Cumhurbaşkanı Recep Tayyip Erdoğan, Suriye krizinin 10. yılı dolayısıyla ABD’nin ünlü yayın organı Bloomberg için bir makale kaleme aldı.
Erdoğan, “Batı, Suriye iç savaşının bitmesi için Türkiye’ye yardım etmeli” başlıklı makalesinde, Washington ve Brüksel’den destek istedi!

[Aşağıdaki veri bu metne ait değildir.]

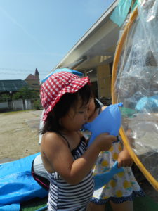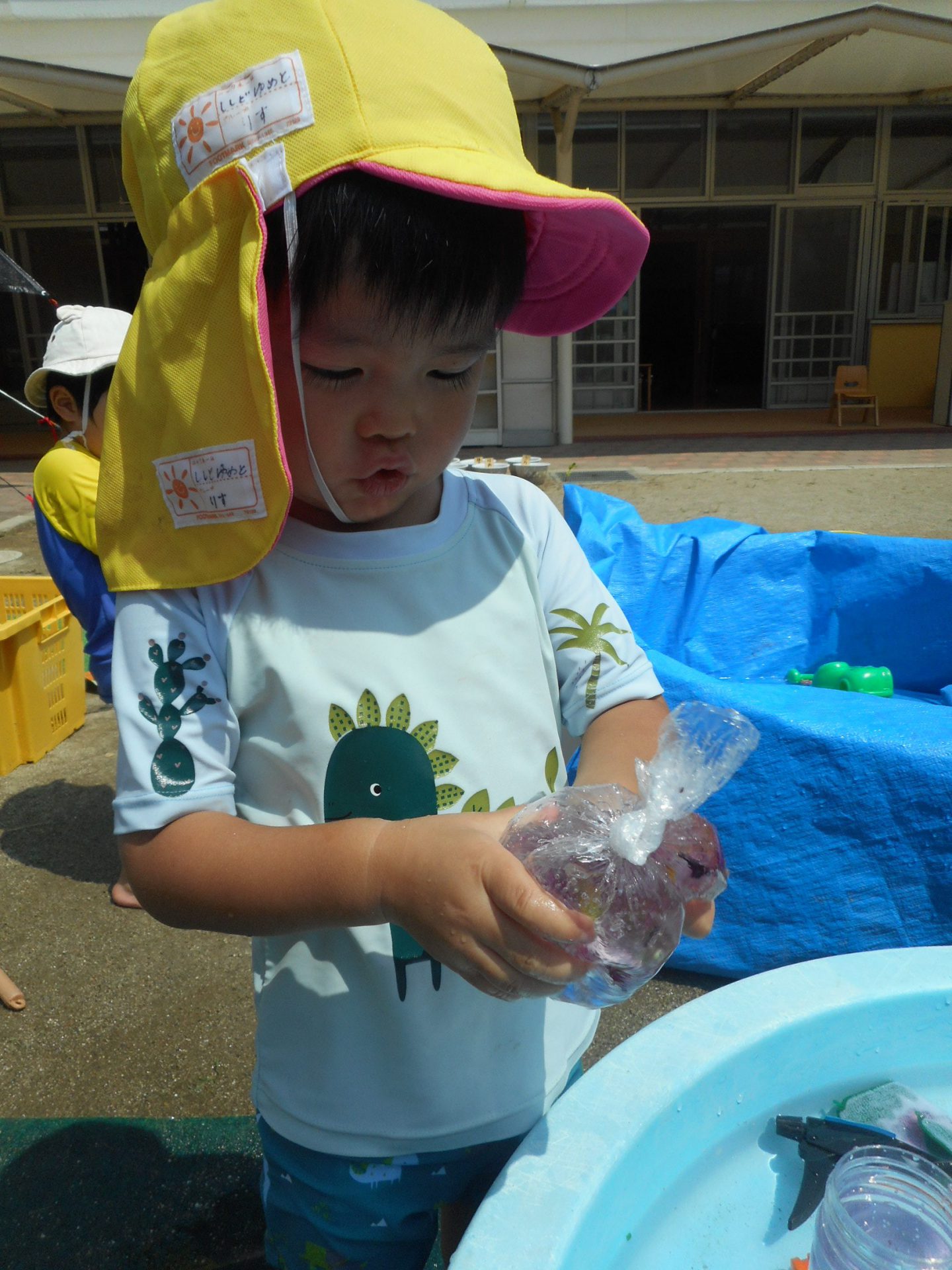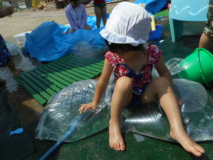 ヨーヨーみたいに伸び縮みしているビニール袋をもみもみ。その横では水でふくらんだゴム手袋を不思議そうにさわるさーちゃん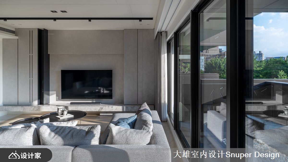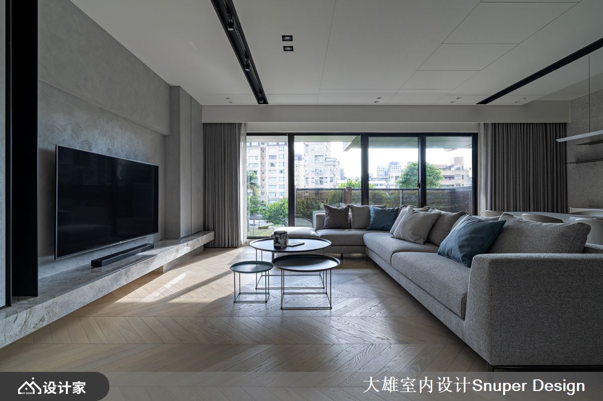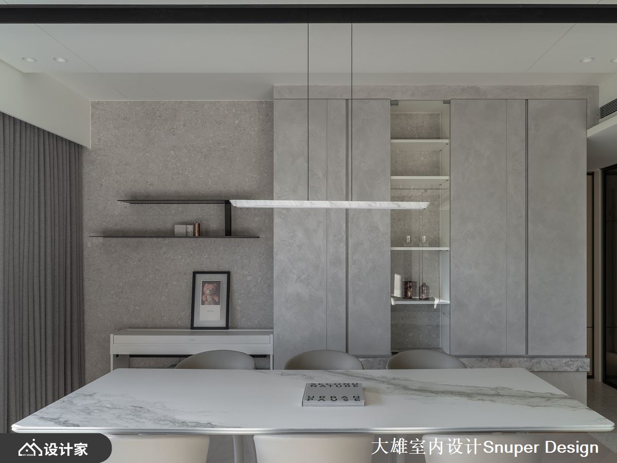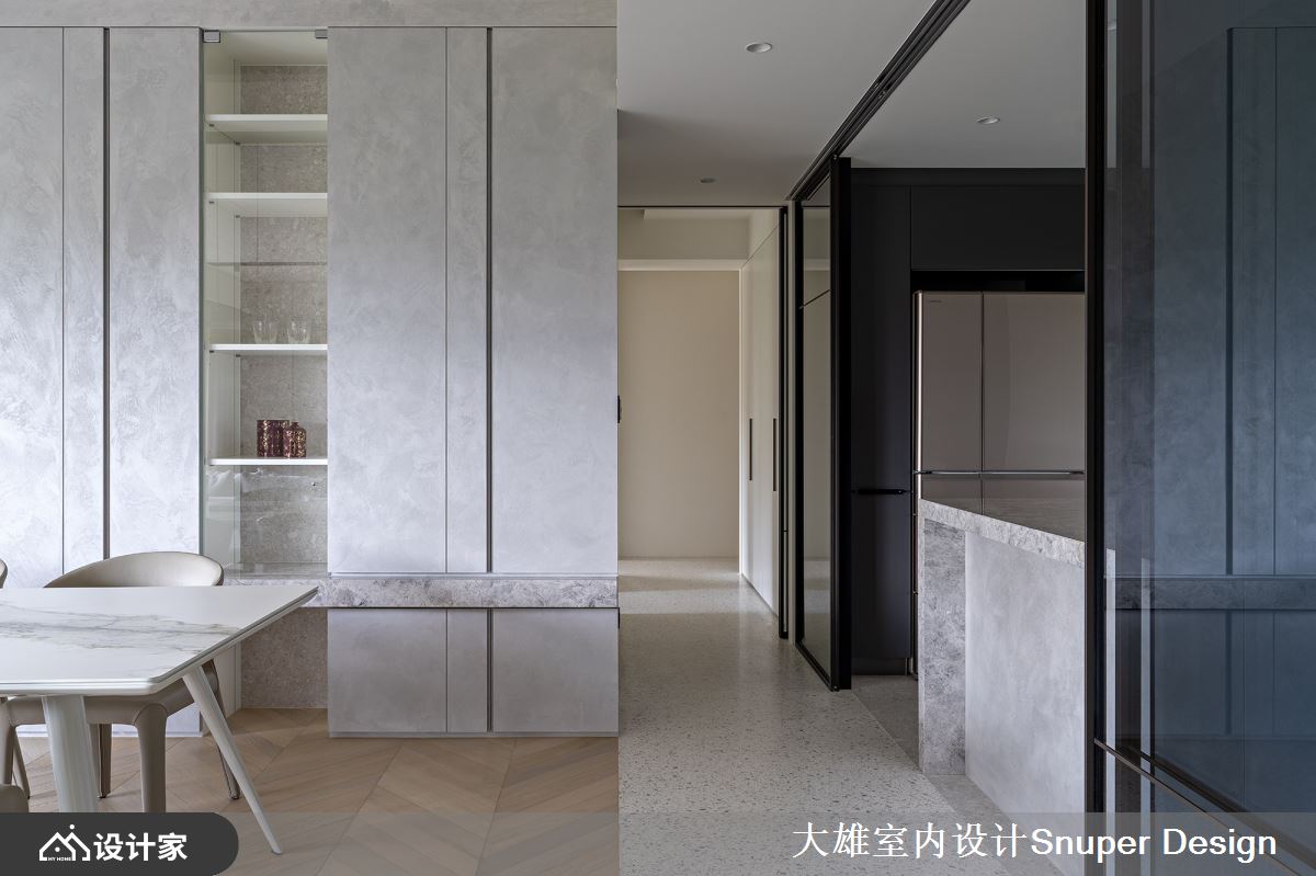不同于以往作品,整体空间降低石材的比例运用,藉由温暖的中性色调安排,自然风光的陪衬,谱写舒适、动人的私宅故事。公领域以人字拼木地板为基底,电视墙衬以特殊漆质地,透过灯光、细致沟缝的描绘下,下方石材台面的延伸,渐层立面下呼应自然朴实的本质。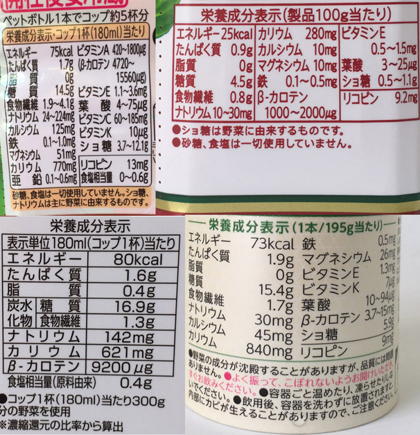 そこでスーパーで売ってる野菜ジュースを集めてみた。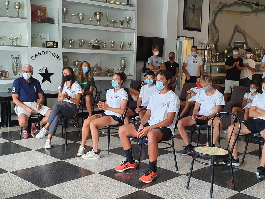 14 luglio 2021 - Secondo step per la commissione presieduta da Achille Mojoli con la consegna delle borracce personalizzate agli atleti della Canottieri Lario a Como. Alla presenza e di Mariapia Roncoroni e Renata Soliani - componenti della commissione -, e dei panathleti Giovanni Tonghini e Maurizio Monego, dopo i saluti del padrone di casa Leonardo Bernasconi, del Presidente Panathlon Como Edoardo Ceriani, del District Manager di Banca Generali Guido Stancanelli (Banca Generali sostiene il Premio Panathlon Giovani più volte assegnato ad atleti della Canottieri Lario), gli atleti hanno ascoltato da Achille Mojoli le finalità del progetto "Etica per la vita - No alla plastica". La prima borraccia è stata consegnata a Greta Parravicini, premio Panathlon Giovani 2019, ritornata da poco con al collo la medaglia d'argento vinta ai mondiali under 23 di Racice, in Repubblica Ceca (per di più in una barca olimpica, il doppio pesi leggeri femminile). Ogni borraccia presenta il nome dell'atleta, i loghi del Panathlon Como e della Società, la dicitura "No alla plastica" e il logo della Mapei - un’azienda leader nel settore dell’edilizia che guarda con grande attenzione ai temi ecologici, all’impatto dei prodotti sull’ambiente e sulla salute - il cui sostegno ne ha permesso la realizzazione.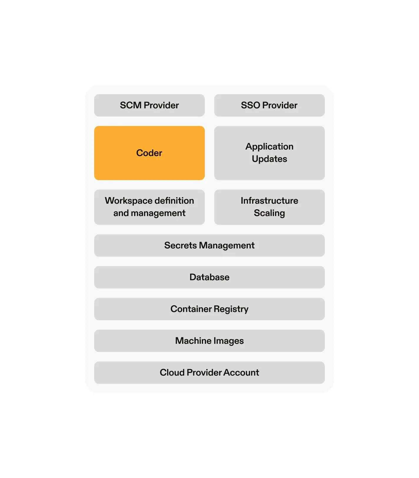 The list above represents the infrastructure choices that Coder provides. It also represents a long-list, not inclusive of everything required in order to maintain a self-managed CDE. Part of that maintenance not represented above is updating the Coder software. Each time Coder pushes an update, you will have to manually make changes to your setup in order to retrofit those changes.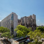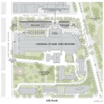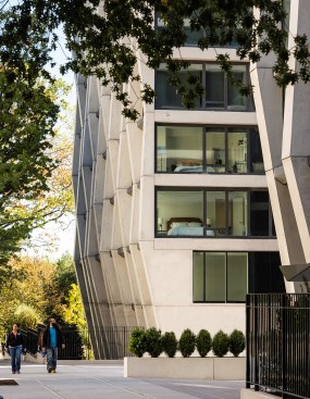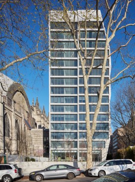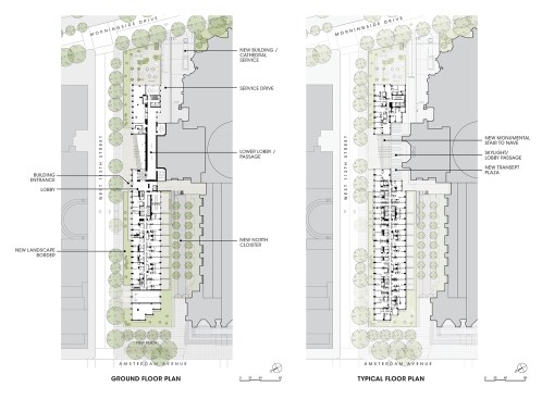 But none of this modesty diminishes an ambitious program that includes a sweeping lobby, an on-site art exhibition space, and gracious landscaping that connects the greenspace surrounding the cathedral to the neighborhood. Seen from the bottom of the hill to the east, Enclave’s wedgelike taper looks very much like a dislodged fragment of the cathedral, a flying buttress that has taken up residence alongside its historic neighbor.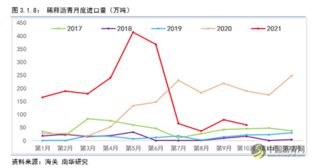 我们预计2022年沥青的净进口量依然相对平稳,给予和2021年类似的体量。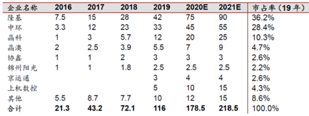 目前硅片环节已形成隆基股份、中环股份双寡头格局,市场格局较为稳定。2019 年,隆基股份、中环股份单晶硅片产能分别达到 45GW、30GW,遥遥领先晶科能源(15GW)、晶澳科技(11.5GW)等第二梯队企业。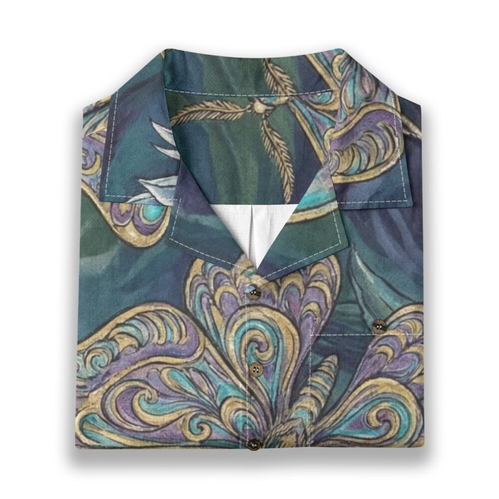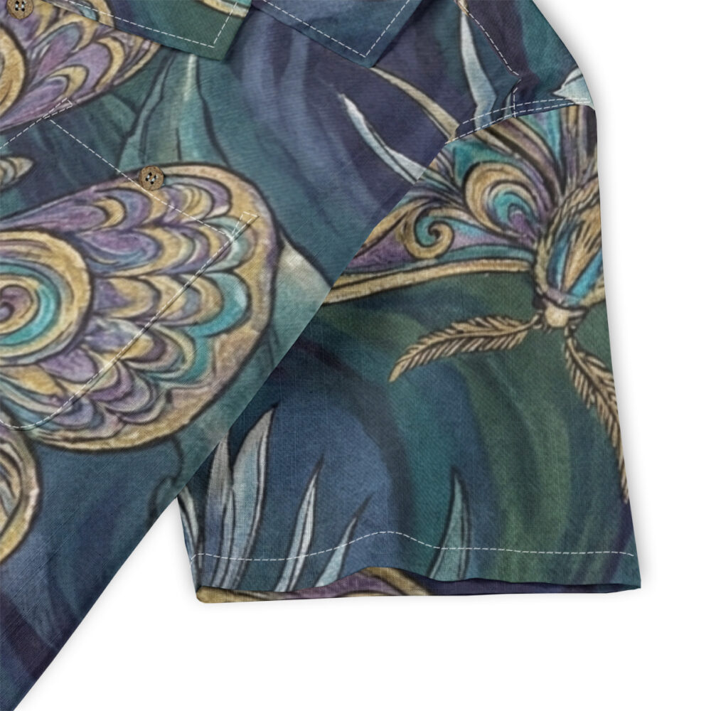 This Hawaiian Shirt features gracefully illustrated butterflies surrounded by soft floral elements on a deep, moody background.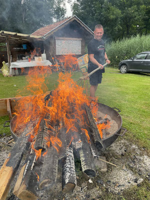 Und zwar zu einem Grillfest bei Klaus im Ried.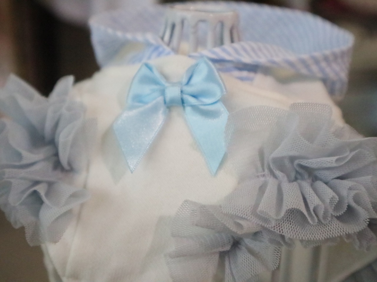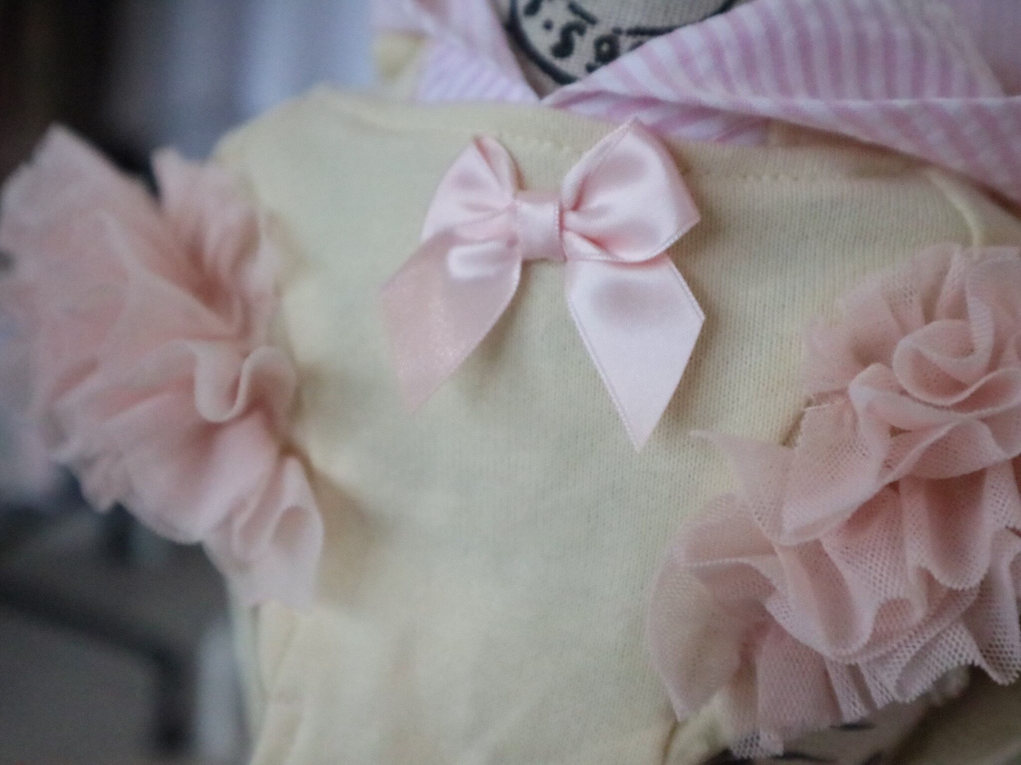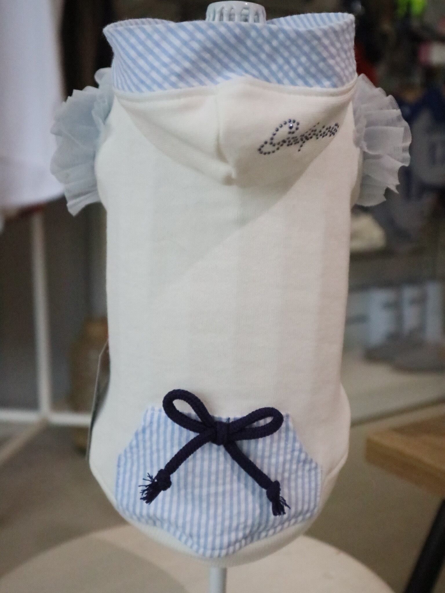 ミニ裏毛素材のパーカーに、チュールをふんだんに使用したお洋服。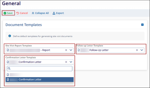- From each dropdown menu, select the appropriate option for the following templates: Site Visit Report Template, Follow-up Letter Template, and Confirmation Letter Template.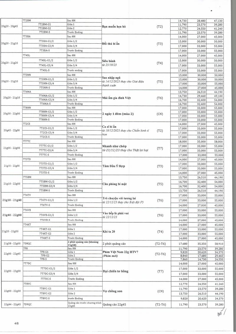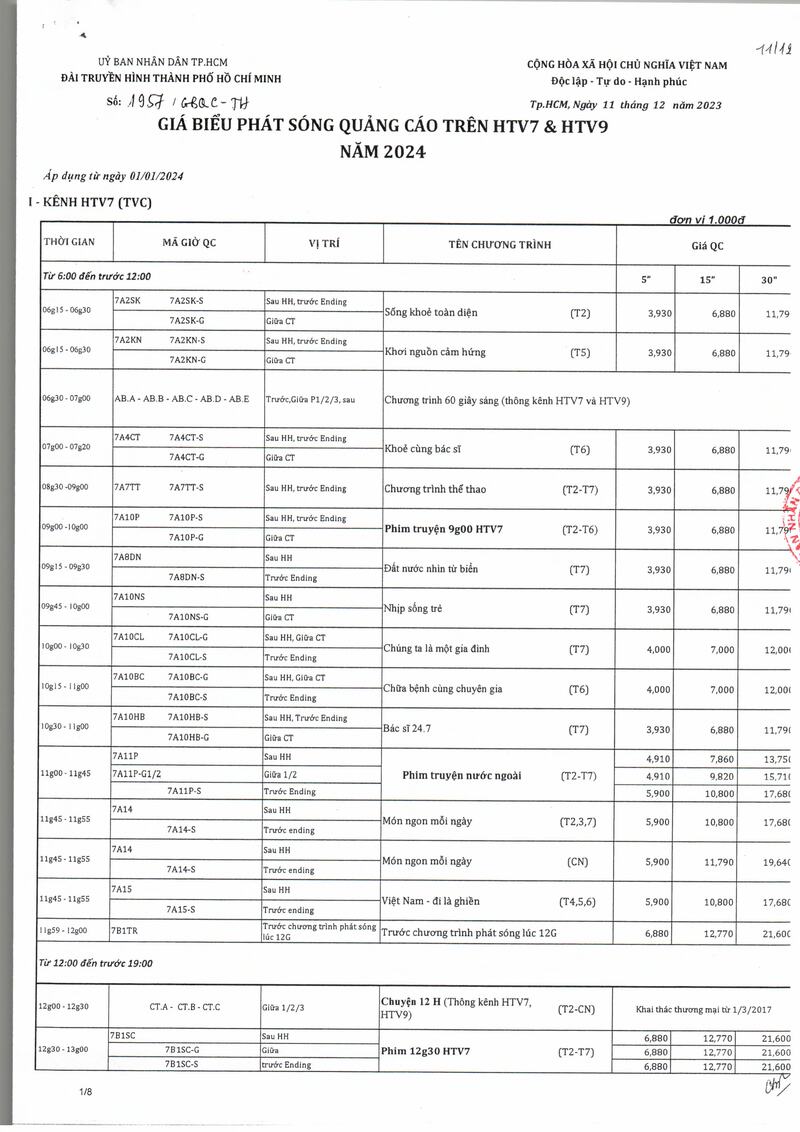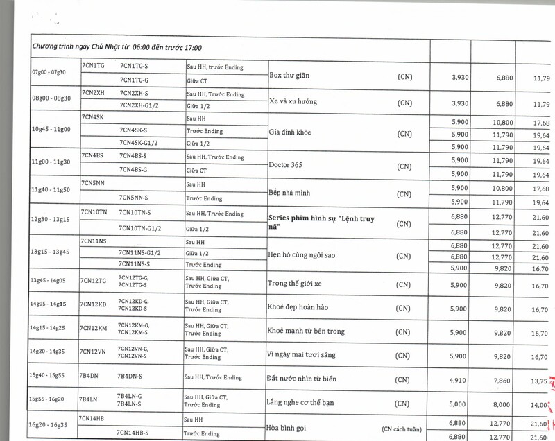 Dưới đây là thông tin bảng giá quảng cáo trên kênh HTV7 mà bạn đang quan tâm:

ERDOĞAN’A GÖRE BATI’NIN ÜÇ SEÇENEĞİ
Erdoğan, Suriye krizinin 10. yılında, Batı’nın önünde üç seçenek olduğunu savundu:
1. Erdoğan’a göre Batı’nın önündeki ilk seçenek, Batı’nın Suriye’ye müdahale etmemesi… Bunu “tribünden izlemek” olarak niteleyen Erdoğan, Batı’nın sahaya inmesi gerektiğini savunuyor. Dahası, Batı Suriye’ye müdahale etmediği taktirde, bunun hem Batı’nın ahlaki iddiasını zayıflatacağını hem de terör ve göç üzerinden Avrupa’nın siyasi istikrarının tehdit altında kalacağını savunuyor.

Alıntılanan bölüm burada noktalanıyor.